In this experiment, we assume some value for resistance, power and permissible voltage drop for a load. We want to determine the permissible cable resistance so that the load can function normally. We would like to be able to determine the maximum distance the battery and the load can be separated if we use different types of cable. We will also determine the battery life and the efficiency.
Experiment
We first creates assumptions:
- Load is rated to consume 0.144W when 12V is supplied
- The voltage drop across load has to be more than 11V
- Battery voltage remain constant at 12V and has capacity of 0.8Ahr
Once the assumptions were made, the theoretical value for R can be calculated as follow:
R = V² / P
R = 12² / 0.144W
R = 1000Ω
After the theoretical resistor was calculated, a resistance box with power rating of 0.3W is used to become the representation of resistance of cable.

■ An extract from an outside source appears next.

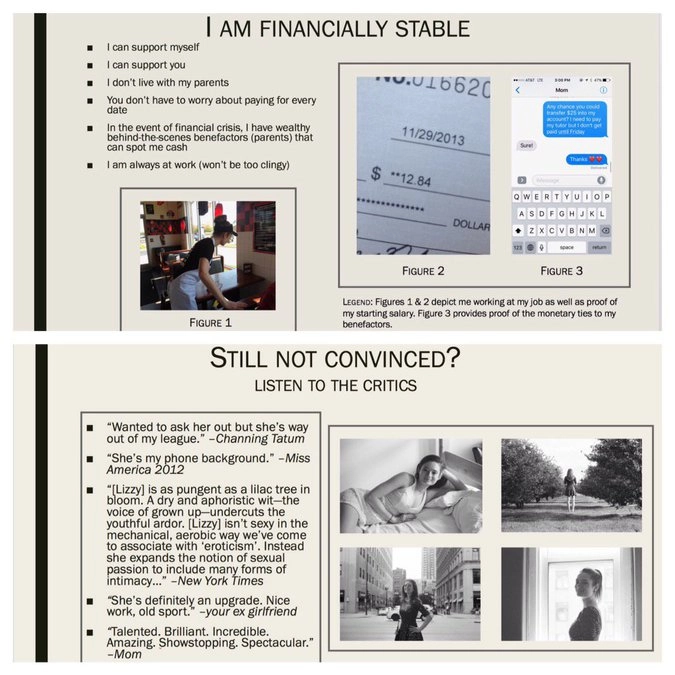 В другом слайде студентка заявляет, что финансово стабильна и может поддержать не только себя, но и Картера. Кроме того, она самостоятельна и бойфренду не придётся платить за неё на каждом свидании. А ещё у девушки всегда есть план Б: «В случае финансового кризиса я могу рассчитывать на богатых закулисных благотворителей (родителей), которые скинут мне наличку». Также Лиззи обещает не липнуть к парню, потому что занята на работе и прикладывает фотодоказательства.

The power supply rating have a maximum supply voltage of 12V and max current of 2A. The resistance box was also adjusted so that the voltage drop across the load is 11V.

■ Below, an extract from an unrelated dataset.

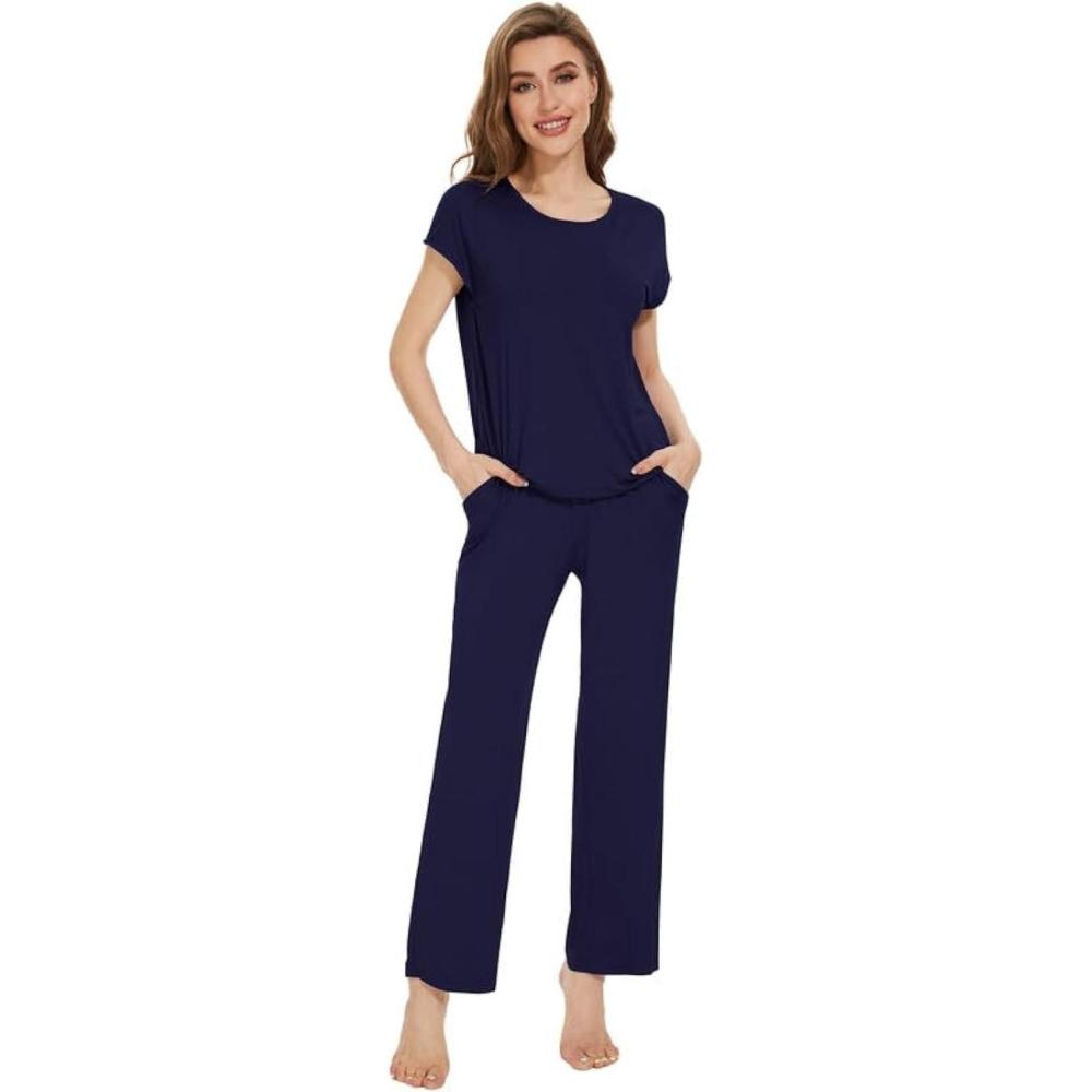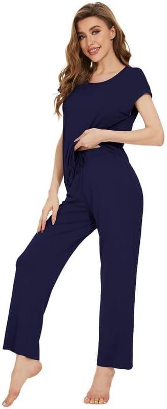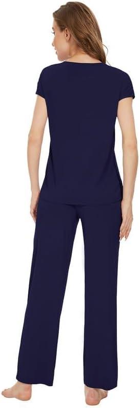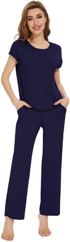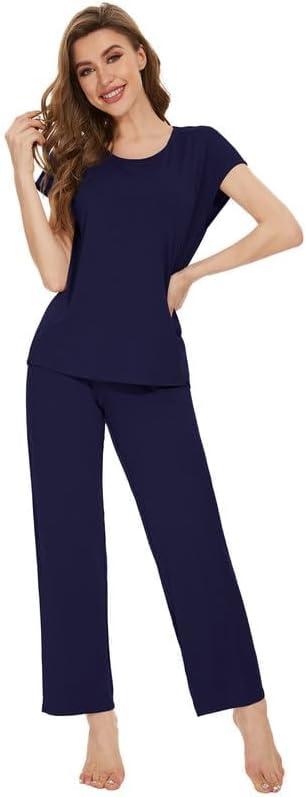 WiWi Soft Pajama Set for Women Short Sleeve Viscose from Bamboo Sleepwear Lightweight Loose Pajamas Pjs Sets S-XXL(A-navy)

The resistor used for the experiment are listed below:
|
Element
|
Nominal Value (Ω)
|
Measured Value (Ω)
|
Tolerance?
|
Wattage
|
|
Load
|
1000
|
980
|
Yes
|
0.25
|
|
Cable
|
88
|
87.3
|
Yes
|
0.3
|
The voltage of the power source was measured and comes out to be 12.09 ± 0.005 V
Once every element have been measured and calculated, the circuit was set up as follow:
 |
| Setup of the lab and the measurement of voltage drop across load |
As seen in the picture and also several measurement,some data are achieved:
V_load = 11.1 V
I_battery = 11.3 mA
R_cable = 87.3 Ω
After the data is taken, battery life can be determined by using:
Battery capacity = current*time
Time = Battery Capacity / Current
= 0.8 A-hr / 0.0113 A
= 70.80 hr
Power was also calculated in this lab and turns out as follow:
P = V²/R = I²R
Power to the load = 0.126 W
Power to the cable = 0.0111 W
Once the power is calculated, the efficiency is also calculated using the following formula:
η = [ P_out / (P_out + P_lost) ] * 100
η = 91.9%
Questions
- In one of the question, the total power is not exceeding the power capability of resistor box since the total power used is around 0.1W but never exceed the 0.3 W which is the power caps.
- Using the data taken, and with the resistance of AWG # 30 is 0.3451 Ω / m, we can find the maximum distance for the cable. L = 87.3 * 0.5 / 0.3451 = 126.49 m
- In the question about robosub project, AWG # 28 wire is used with resistance of 0.0764Ω / ft. This particular circuit have nominal rating of 2.6 - 5 V and 20 mA as provided in the question. To determine the maximum length of wire that can be used, we first must calculate the maximum resistance in cable R_cable = 2.4V / 0.02 A = 120 Ω. Once the resistor is calculated, the length of the cable can be determined as L = 120 Ω * 0.5 / 0.0764 Ω/ft = 785 ft.
- In the next question, we are sending 48 volts at 10A down the sub. 36 volts have to reach the sub and minimum cable gauge has to be determined for a 60 ft tether cable. Since there can only be a 12V drops, the resistance can be figured out to be R = V / I = 12V /10A =1.2Ω. Once the resistor is determined, the cable gauge can be tested and the minimal gauge required for 60 ft tether cable appears to be the AWG#24 since by using it L = 1.2 / 0.0302 = 39.7 ft.